## Source material
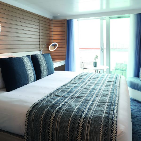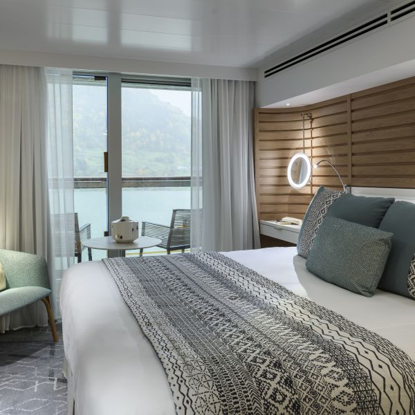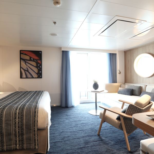 Les Suites Deluxe ont été conçues pour apporter un confort absolu aux passagers. Bénéficiant toutes de balcons ou terrasses privés, elles sont décorées avec soin et contribuent à l’atmosphère à la fois feutrée et chaleureuse du navire.
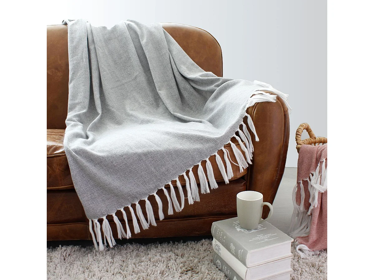 Jacquard-Decke mit langen Fransen 130 x 150 cm
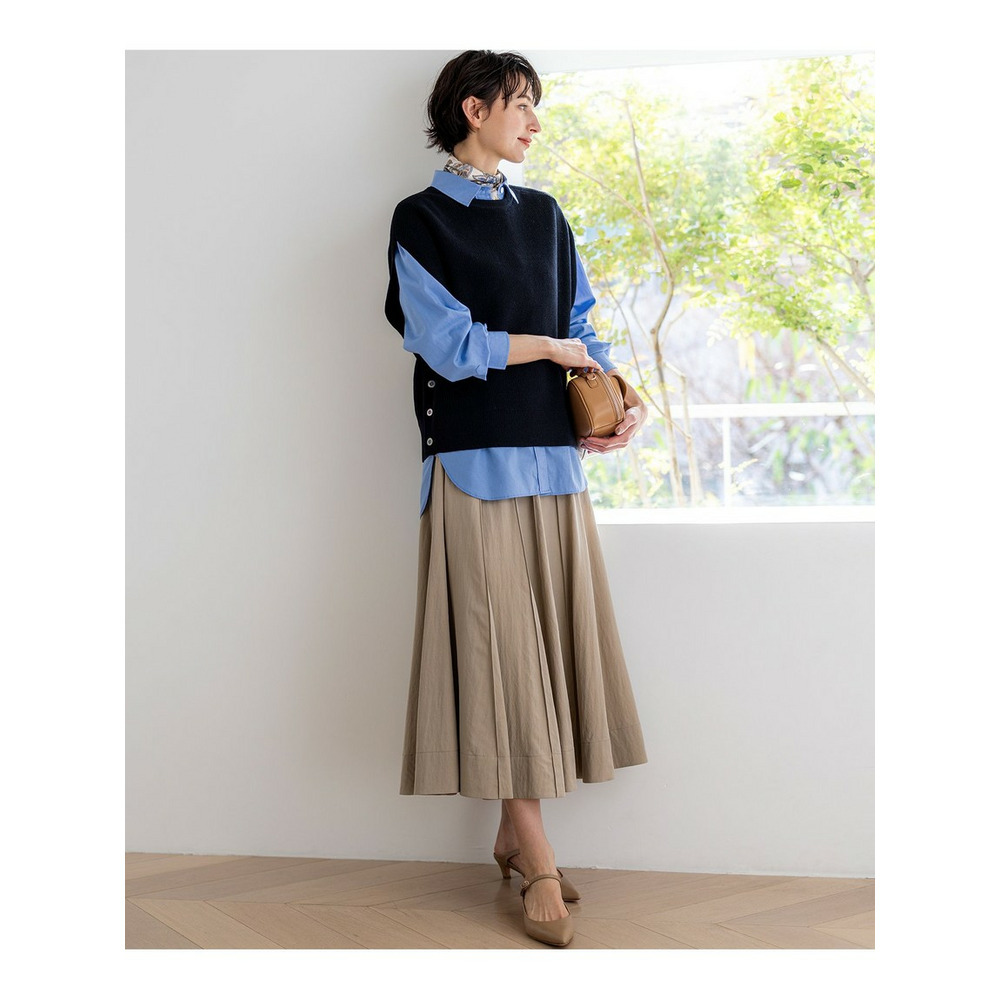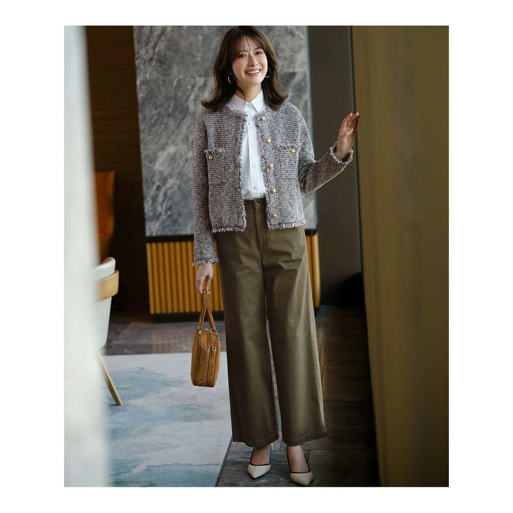 イタリアを代表するファブリックメーカーCANCLINI(カンクリーニ)社によるインポート素材を使用しております。毛羽立ちを抑えて作られた上質な綿糸をタテヨコに贅沢に使用し、23区で長く愛されてきた高密度なポプリン生地「MILANO」をベースに、23区のために特別に改良を加えたツイル素材です。従来の生地と比べて、程よい厚みと上品な光沢感、そしてしなやかな風合いが加わり、より上質な着心地を実現しました。肌触りが良く、着るほどに体に馴染む上質な素材感をお楽しみいただけます。
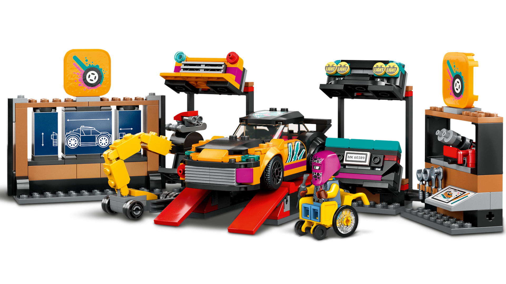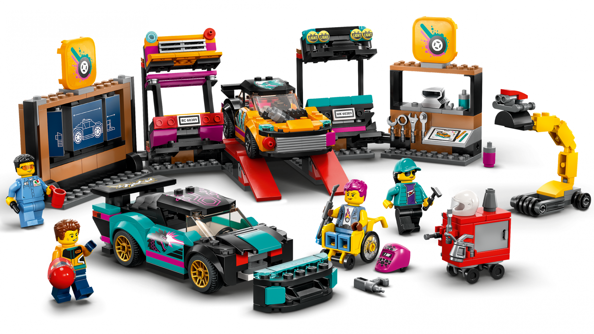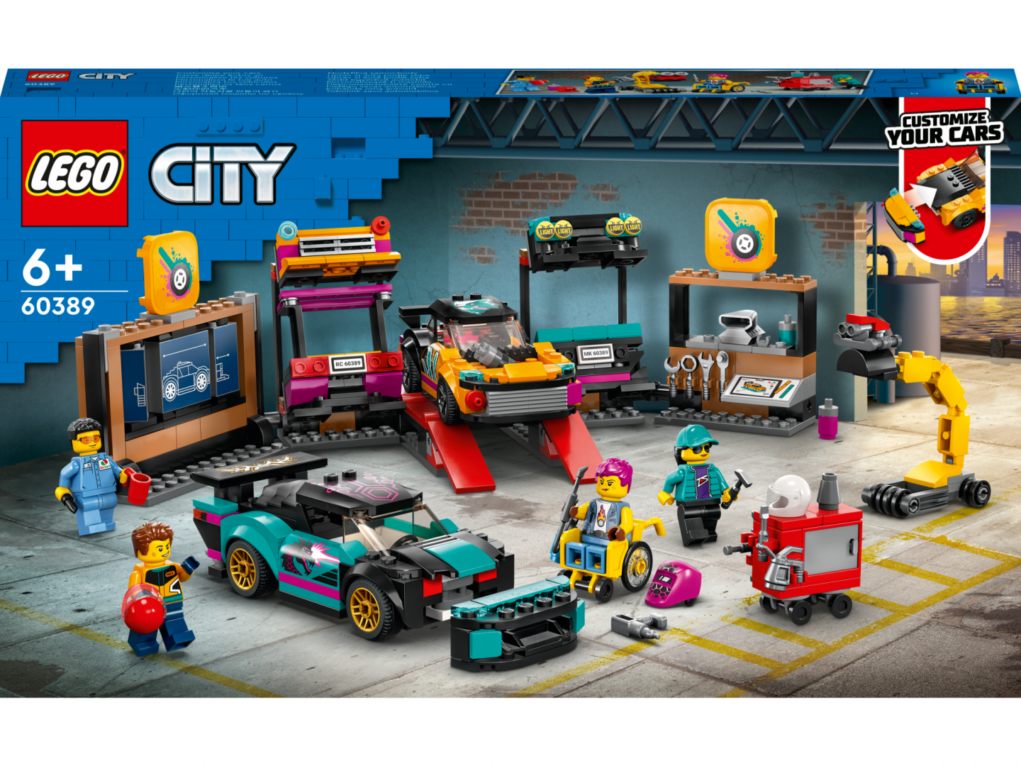 Să personalizezi mașini devine o joacă de copii cu setul LEGO® City Service pentru personalizarea mașinilor (60389), care conține un atelier cu o mulțime de funcții grozave și 2 mașini de jucărie personalizabile. Copiii pot alege dintr-o gamă de motoare și secțiuni modulare pentru față și spate, cu diferite faruri, bare de protecție și spoilere, pentru a crea propriile modele. Setul include 2 minifigurine mecanici și 2 minifigurine șoferi, cu accesorii amuzante. Instrucțiunile interactive sporesc distracția la construit Acest set de joc 6+ este însoțit de un ghid de construcție ilustrat ușor de urmat și de aplicația LEGO Builder, un ghid de construcție digital interactiv, cu instrumente intuitive de zoom și rotire care permit copiilor să-și vizualizeze modelele din toate unghiurile pe măsură ce le construiesc. LEGO City Vehicule grozave – Jucării cool pentru copii Copiii cresc înconjurați de vehicule și mașini uimitoare, iar seturile de construcție LEGO City Vehicule grozave le permit să exploreze îndeaproape aceste modele realiste, însoțite de personaje amuzante care inspiră joaca fantezistă fără limite.
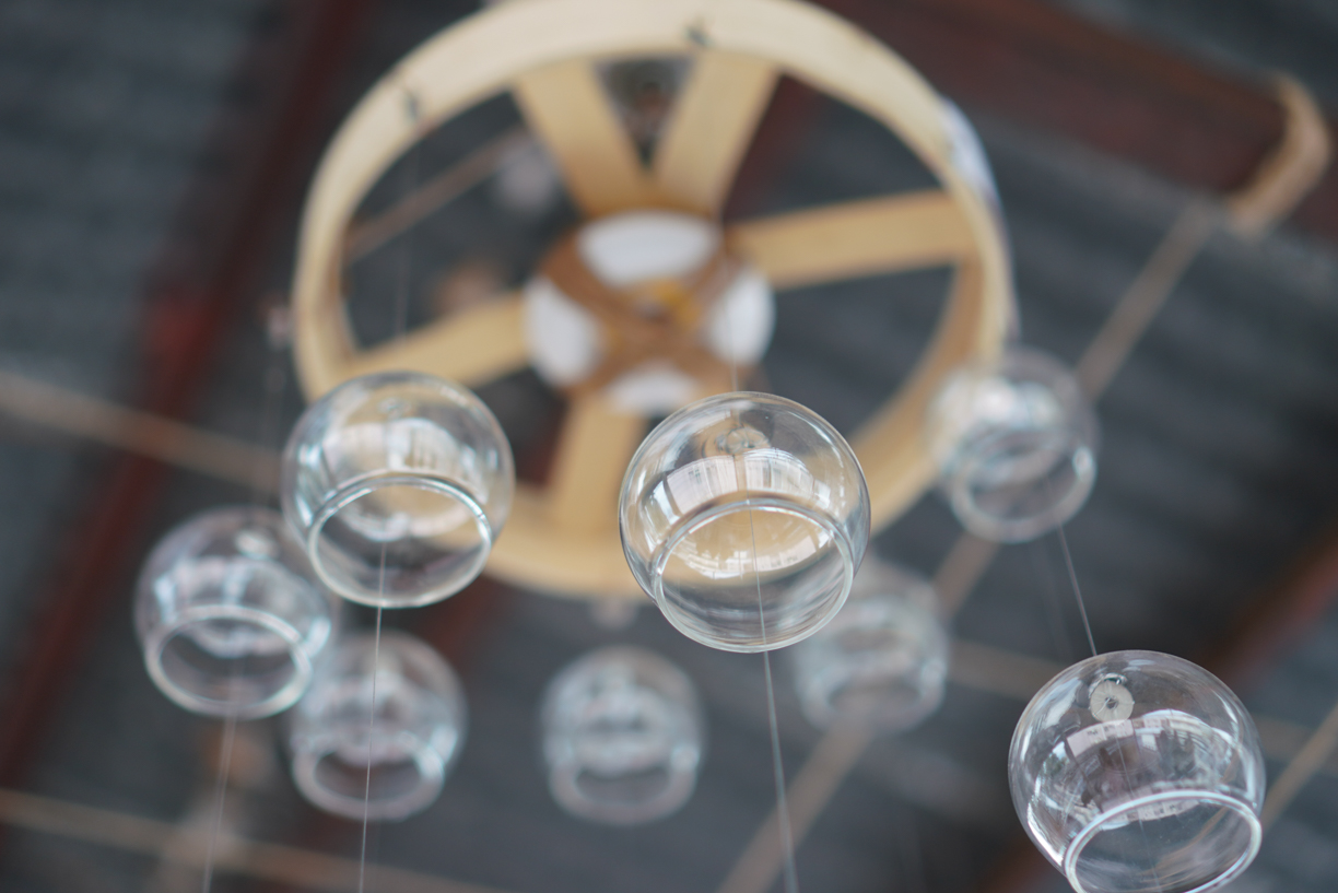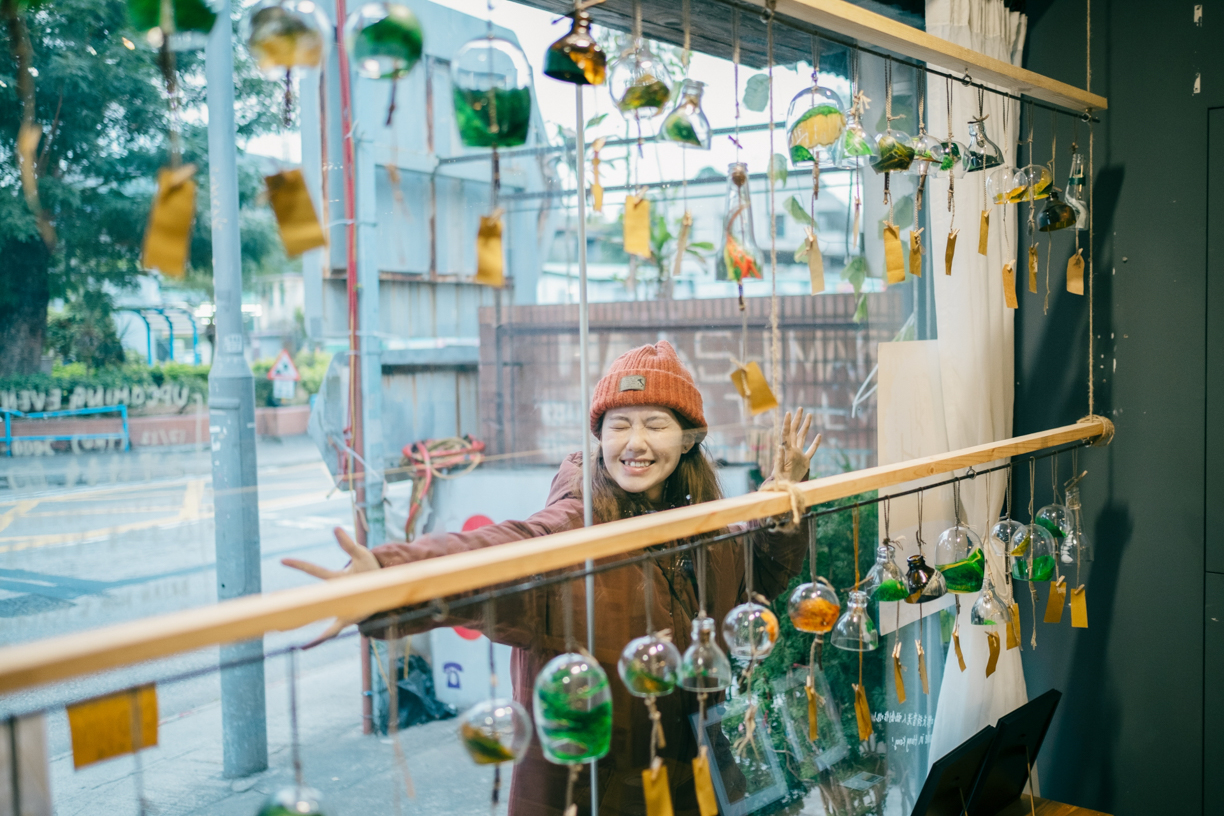 「到底應不應該拉上布簾?」山系風鈴展最奪目的41個以香港山峰為主題的風鈴,就放在門口旁邊的櫥窗位置,文西為了要不要拉上櫥窗的布簾而糾結,但最後都決定讓窗外的風景融入作品,讓大自然的光照射在玻璃風鈴之上。玻璃風鈴的特別之處,就是透明的背景,例如獅子山的風鈴上,天空是透明的,你可以為獅子山配上不同的真正天空——晴朗的藍天又或是陰雨的冬日,山系風鈴的背景就會因自然天氣而轉變,令作品有無窮變化。除了以透明來表達背景的天空,文西亦以玻璃的透明,來表達千島湖的水,獅子山和千島湖都是她十分喜歡的作品。
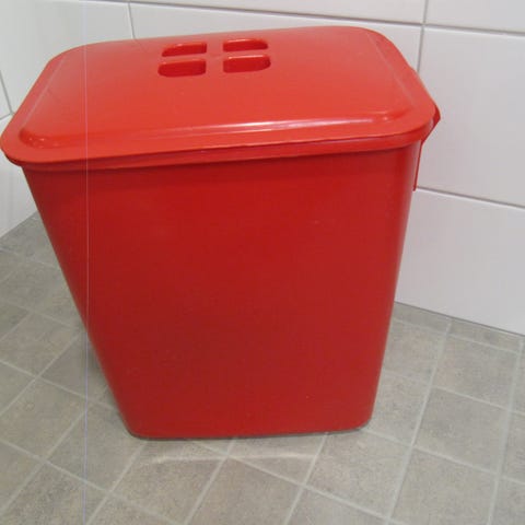 Muovinen pyykkikori/ likapyykkikori, jossa irrotettava kansi. Väri on punainen. Kori on rei’itetty sivuilta ilmanvaihdon parantamiseksi. Soveltuu pyykin tai muun kodintekstiilin säilytykseen esimerkiksi kylpyhuoneessa tai kodinhoitohuoneessa. Tuote on retro Sarvis tuote.
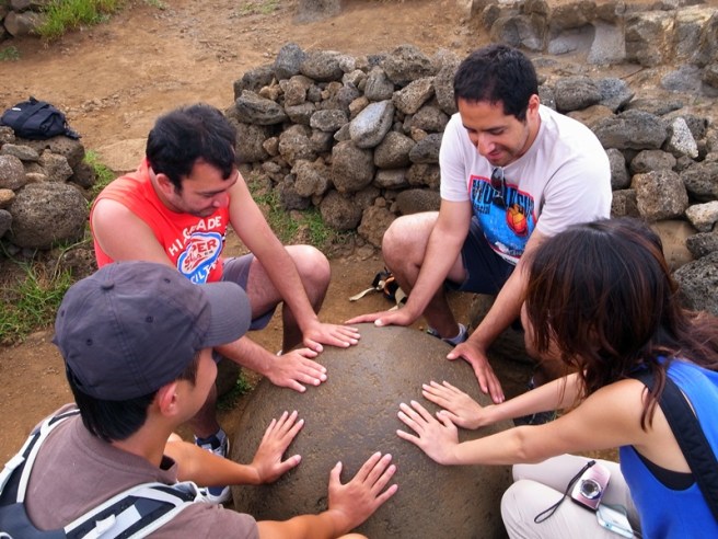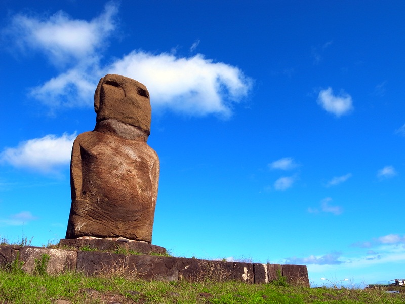 這個是唯一的一個跪在地上的Moai,是日本人新建成的嗎?
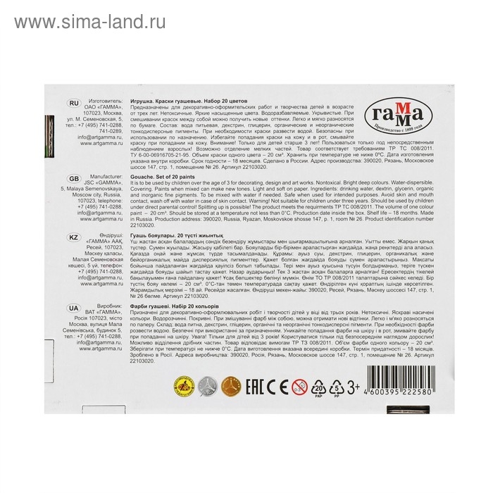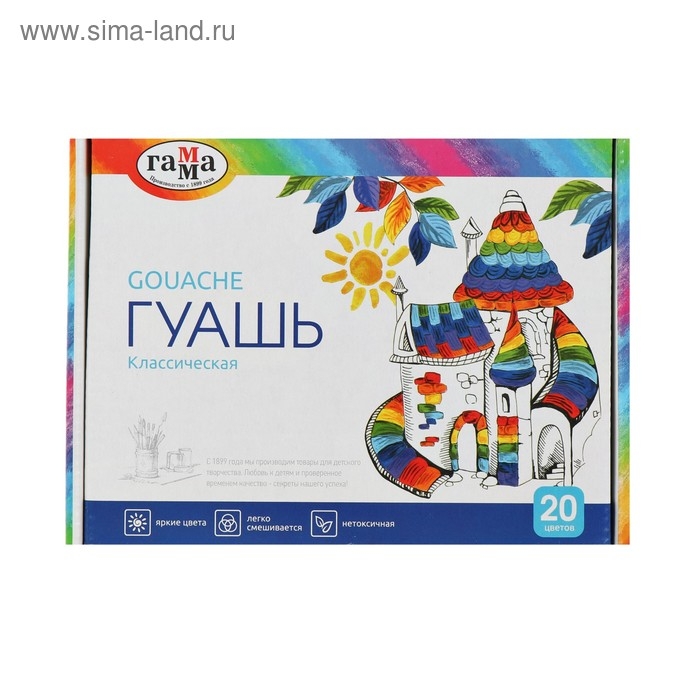 Гуашь 20 цветов по 20 мл Гамма "Классическая", картонная упаковка 22103020
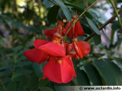 Sesbania punicea, le flamboyant d’Hyères, est un petit arbre subtropical, appartenant à la famille des Fabacées. Sesbania punicea est originaire d’Amérique du Sud, où il vit en zone tropicale humide, dans les marais ou au bord des cours d’eau.

## Goal of the exercise
Only the lines from the one with "Muovinen pyykkikori/ likapyykkikori, jossa" through the final line of the entries belong in the answer, set down exactly, with both ends included and no pictures.

## Written reply
 Muovinen pyykkikori/ likapyykkikori, jossa irrotettava kansi. Väri on punainen. Kori on rei’itetty sivuilta ilmanvaihdon parantamiseksi. Soveltuu pyykin tai muun kodintekstiilin säilytykseen esimerkiksi kylpyhuoneessa tai kodinhoitohuoneessa. Tuote on retro Sarvis tuote.
 這個是唯一的一個跪在地上的Moai,是日本人新建成的嗎?
 Гуашь 20 цветов по 20 мл Гамма "Классическая", картонная упаковка 22103020
 Sesbania punicea, le flamboyant d’Hyères, est un petit arbre subtropical, appartenant à la famille des Fabacées. Sesbania punicea est originaire d’Amérique du Sud, où il vit en zone tropicale humide, dans les marais ou au bord des cours d’eau.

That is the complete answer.